> [TASK OBJECTIVE] When you copy the data, keep every line exactly as written and skip the pictures.

**** MATERIAL PROVIDED

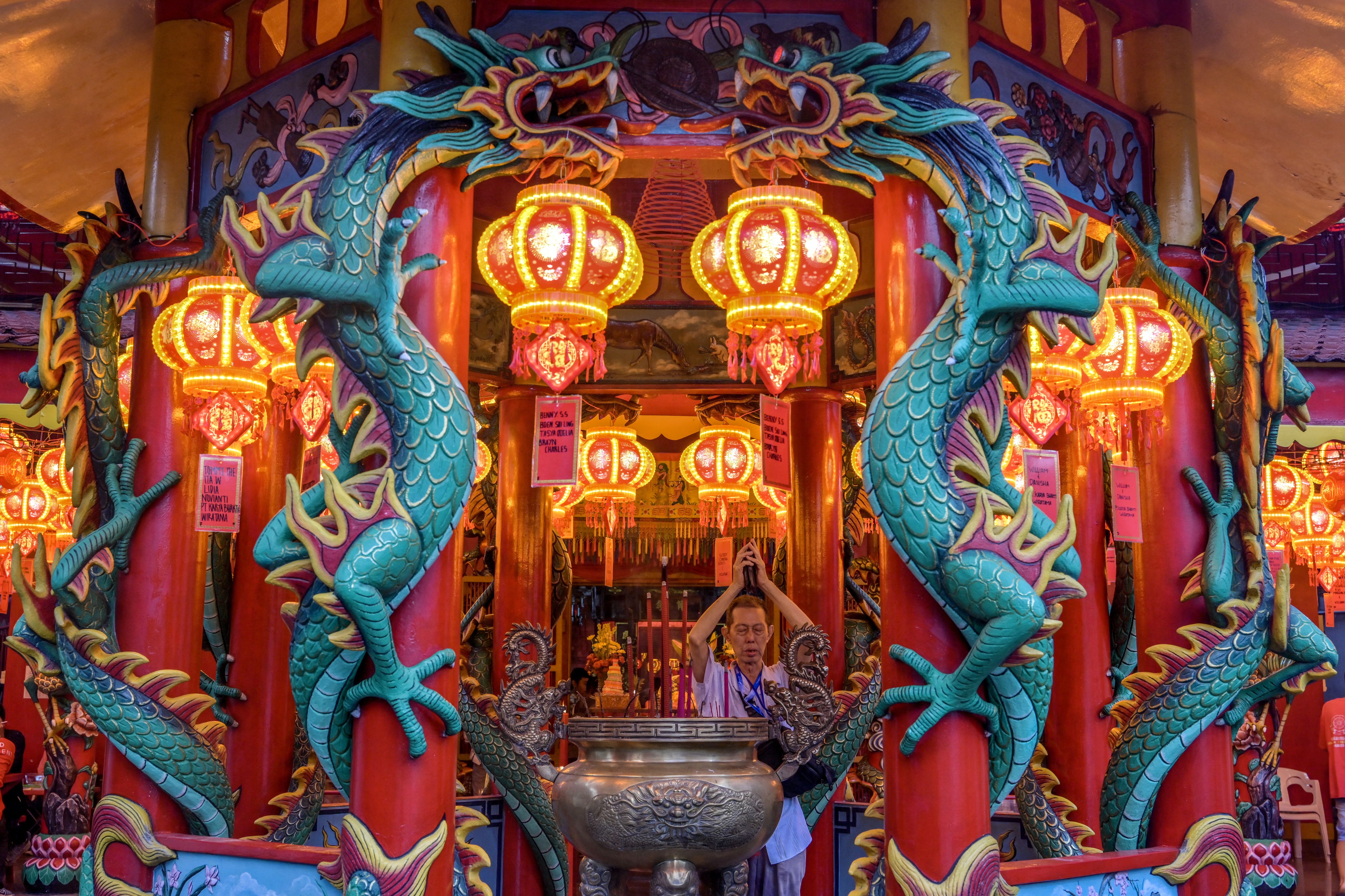 A man offers prayers at the Amurva Bhumi Vihara temple on the eve of the Lunar New Year of the Snake in Jakarta on January 28, 2025. (Photo by Bay Ismoyo/AFP Photo)
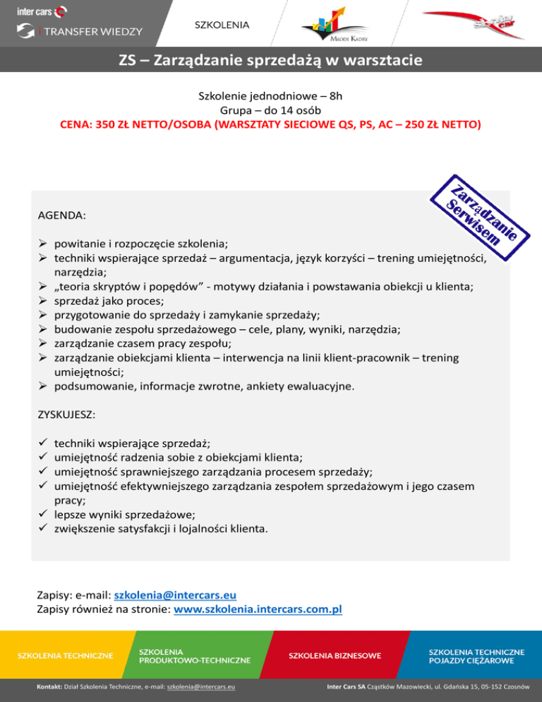 ZS – Zarządzanie sprzedażą w warsztacie Szkolenie jednodniowe – 8h Grupa – do 14 osób CENA: 350 ZŁ NETTO/OSOBA (WARSZTATY SIECIOWE QS, PS, AC – 250 ZŁ NETTO) AGENDA:  powitanie i rozpoczęcie szkolenia;  techniki wspierające sprzedaż – argumentacja, język korzyści – trening umiejętności, narzędzia;  „teoria skryptów i popędów” - motywy działania i powstawania obiekcji u klienta;  sprzedaż jako proces;  przygotowanie do sprzedaży i zamykanie sprzedaży;  budowanie zespołu sprzedażowego – cele, plany, wyniki, narzędzia;  zarządzanie czasem pracy zespołu;  zarządzanie obiekcjami klienta – interwencja na linii klient-pracownik – trening umiejętności;  podsumowanie, informacje zwrotne, ankiety ewaluacyjne. ZYSKUJESZ:     techniki wspierające sprzedaż; umiejętność radzenia sobie z obiekcjami klienta; umiejętność sprawniejszego zarządzania procesem sprzedaży; umiejętność efektywniejszego zarządzania zespołem sprzedażowym i jego czasem pracy;  lepsze wyniki sprzedażowe;  zwiększenie satysfakcji i lojalności klienta. Zapisy: e-mail: [email protected] Zapisy również na stronie: www.szkolenia.intercars.com.pl Kontakt: Dział Szkolenia Techniczne, e-mail: [email protected] Inter Cars SA Cząstków Mazowiecki, ul. Gdańska 15, 05-152 Czosnów
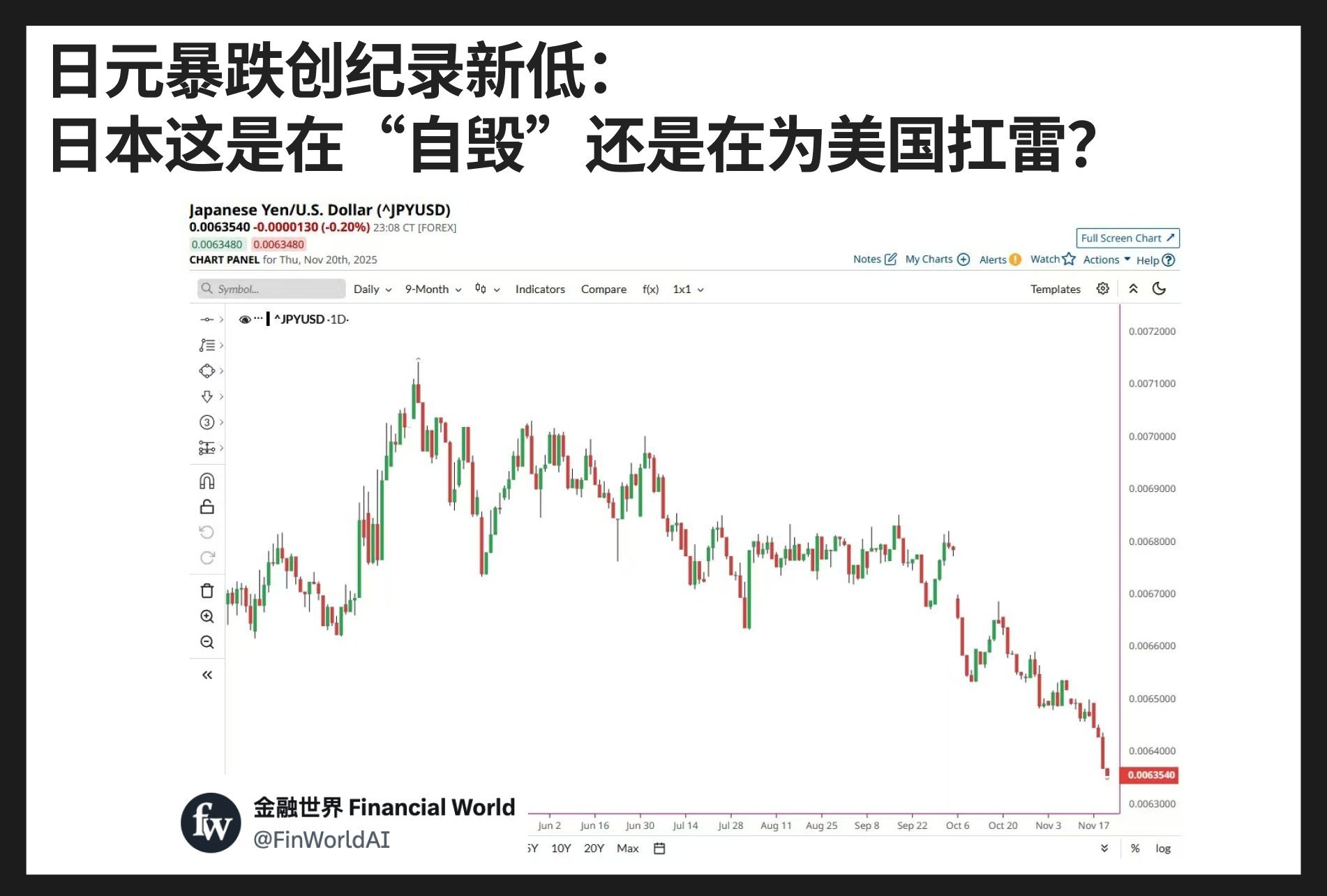 日元汇率再度显著下挫。如图所示近乎垂直的下跌轨迹,已远超常规意义上的贬值,而更接近一种失控式的单边下行。目前日元兑美元汇率已跌至0.0063,刷新阶段性低点,其走势正逐步削弱日元的国际信誉与购买力。日本之所以持续维持宽松货币政策、放任日元走弱,实为多重困境下的被动选择。长期难以控制的通胀水平、长期趋近于零的政策利率,以及高企的政府债务,共同构成其政策困境。一旦启动加息,日本政府债务的利息负担将急剧上升,可能引发财政危机,因而只能继续维持超低利率环境,放任日元承受市场抛压。更具结构性矛盾的是,日元弱势反而强化了美元的强势地位,客观上有利于美国维持低融资成本与资本流入。在全球资本涌向美元资产的背景下,日本某种程度上成为美元信用体系的支撑者,甚至被迫承担系统性代价。日元持续贬值的直接冲击包括:日本民众资产购买力持续萎缩,企业进口成本上升却难以传导至工资增长,外国游客虽因汇率获益而增加消费,本国居民的实际生活水平却在相对下降。与此同时,美日之间的经济权力结构进一步向美国倾斜。总体来看,当一个发达经济体将其货币价值推向通常见于发展中国家的水平,所反映的不仅是政策失灵,更是其结构性困境与方向缺失。日元持续下行,预示着日本经济已逼近必须直面根本问题的临界点。
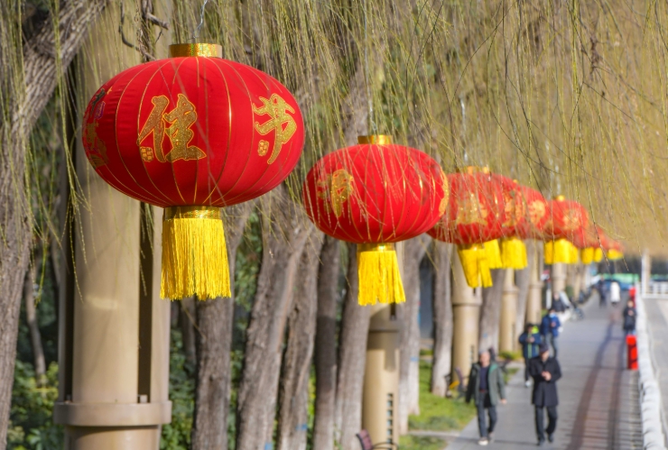 2月11日,春节临近,我市街头、景区张灯结彩、处处洋溢着喜庆祥和的节日氛围,年味儿十足。
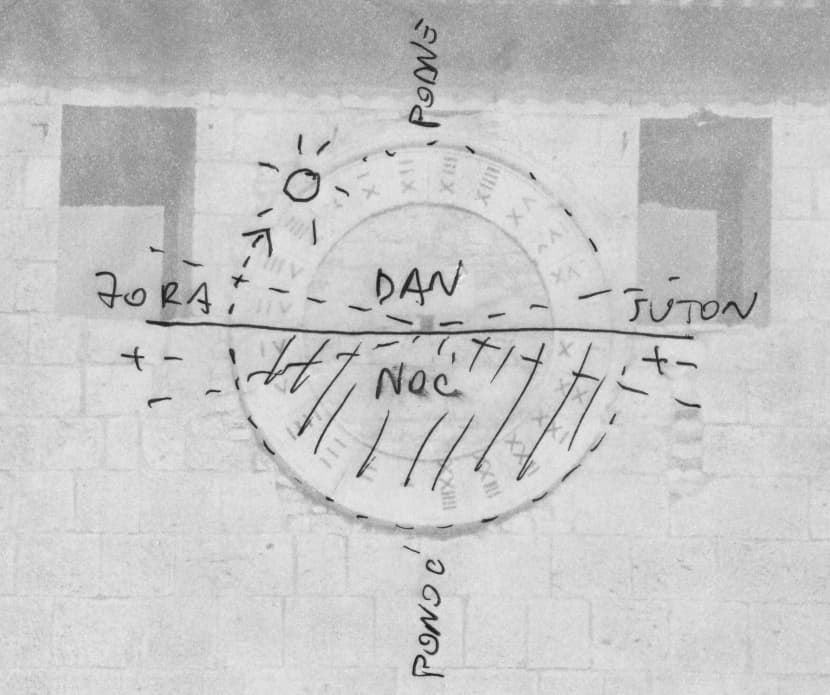 Sat ima samo jednu kazaljku: kad je sunce u zenitu kazaljka je prema gore, u ponoć kazaljka prema dolje
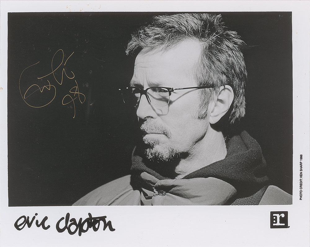 Satin-finish 10 x 8 Reprise Records publicity photo of Clapton in a close-up pose, signed in gold ink, "Eric Clapton, 98." In fine condition, with a few light surface impressions in the signature area.
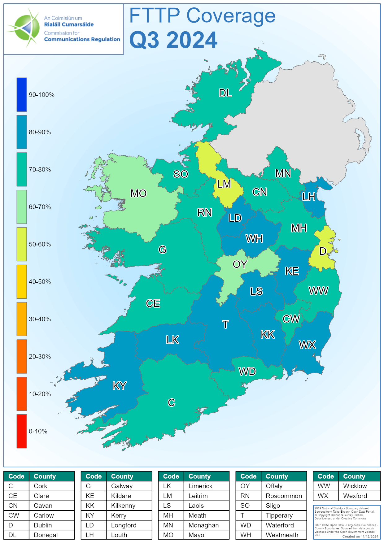 The County with the highest level of FTTP coverage is Laois at 89%, Dublin has the highest level of FTTP and/or Cable coverage at 92%. Leitrim has the fastest growing FTTP coverage within the last year, with a 29 percentage point increase in FTTP coverage compared to Q3 2023.
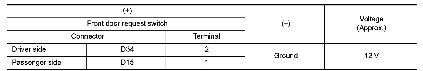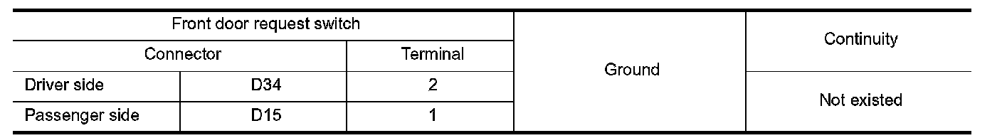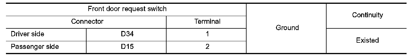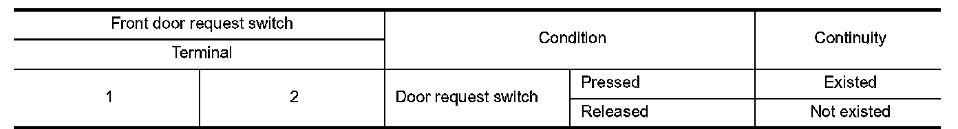 3.Check continuity between malfunctioning front door request switch terminals.

********

> [REPLY TO THE EXERCISE]
 A man offers prayers at the Amurva Bhumi Vihara temple on the eve of the Lunar New Year of the Snake in Jakarta on January 28, 2025. (Photo by Bay Ismoyo/AFP Photo)
 ZS – Zarządzanie sprzedażą w warsztacie Szkolenie jednodniowe – 8h Grupa – do 14 osób CENA: 350 ZŁ NETTO/OSOBA (WARSZTATY SIECIOWE QS, PS, AC – 250 ZŁ NETTO) AGENDA:  powitanie i rozpoczęcie szkolenia;  techniki wspierające sprzedaż – argumentacja, język korzyści – trening umiejętności, narzędzia;  „teoria skryptów i popędów” - motywy działania i powstawania obiekcji u klienta;  sprzedaż jako proces;  przygotowanie do sprzedaży i zamykanie sprzedaży;  budowanie zespołu sprzedażowego – cele, plany, wyniki, narzędzia;  zarządzanie czasem pracy zespołu;  zarządzanie obiekcjami klienta – interwencja na linii klient-pracownik – trening umiejętności;  podsumowanie, informacje zwrotne, ankiety ewaluacyjne. ZYSKUJESZ:     techniki wspierające sprzedaż; umiejętność radzenia sobie z obiekcjami klienta; umiejętność sprawniejszego zarządzania procesem sprzedaży; umiejętność efektywniejszego zarządzania zespołem sprzedażowym i jego czasem pracy;  lepsze wyniki sprzedażowe;  zwiększenie satysfakcji i lojalności klienta. Zapisy: e-mail: [email protected] Zapisy również na stronie: www.szkolenia.intercars.com.pl Kontakt: Dział Szkolenia Techniczne, e-mail: [email protected] Inter Cars SA Cząstków Mazowiecki, ul. Gdańska 15, 05-152 Czosnów
 日元汇率再度显著下挫。如图所示近乎垂直的下跌轨迹,已远超常规意义上的贬值,而更接近一种失控式的单边下行。目前日元兑美元汇率已跌至0.0063,刷新阶段性低点,其走势正逐步削弱日元的国际信誉与购买力。日本之所以持续维持宽松货币政策、放任日元走弱,实为多重困境下的被动选择。长期难以控制的通胀水平、长期趋近于零的政策利率,以及高企的政府债务,共同构成其政策困境。一旦启动加息,日本政府债务的利息负担将急剧上升,可能引发财政危机,因而只能继续维持超低利率环境,放任日元承受市场抛压。更具结构性矛盾的是,日元弱势反而强化了美元的强势地位,客观上有利于美国维持低融资成本与资本流入。在全球资本涌向美元资产的背景下,日本某种程度上成为美元信用体系的支撑者,甚至被迫承担系统性代价。日元持续贬值的直接冲击包括:日本民众资产购买力持续萎缩,企业进口成本上升却难以传导至工资增长,外国游客虽因汇率获益而增加消费,本国居民的实际生活水平却在相对下降。与此同时,美日之间的经济权力结构进一步向美国倾斜。总体来看,当一个发达经济体将其货币价值推向通常见于发展中国家的水平,所反映的不仅是政策失灵,更是其结构性困境与方向缺失。日元持续下行,预示着日本经济已逼近必须直面根本问题的临界点。
 2月11日,春节临近,我市街头、景区张灯结彩、处处洋溢着喜庆祥和的节日氛围,年味儿十足。
 Sat ima samo jednu kazaljku: kad je sunce u zenitu kazaljka je prema gore, u ponoć kazaljka prema dolje
 Satin-finish 10 x 8 Reprise Records publicity photo of Clapton in a close-up pose, signed in gold ink, "Eric Clapton, 98." In fine condition, with a few light surface impressions in the signature area.
 The County with the highest level of FTTP coverage is Laois at 89%, Dublin has the highest level of FTTP and/or Cable coverage at 92%. Leitrim has the fastest growing FTTP coverage within the last year, with a 29 percentage point increase in FTTP coverage compared to Q3 2023.
 3.Check continuity between malfunctioning front door request switch terminals.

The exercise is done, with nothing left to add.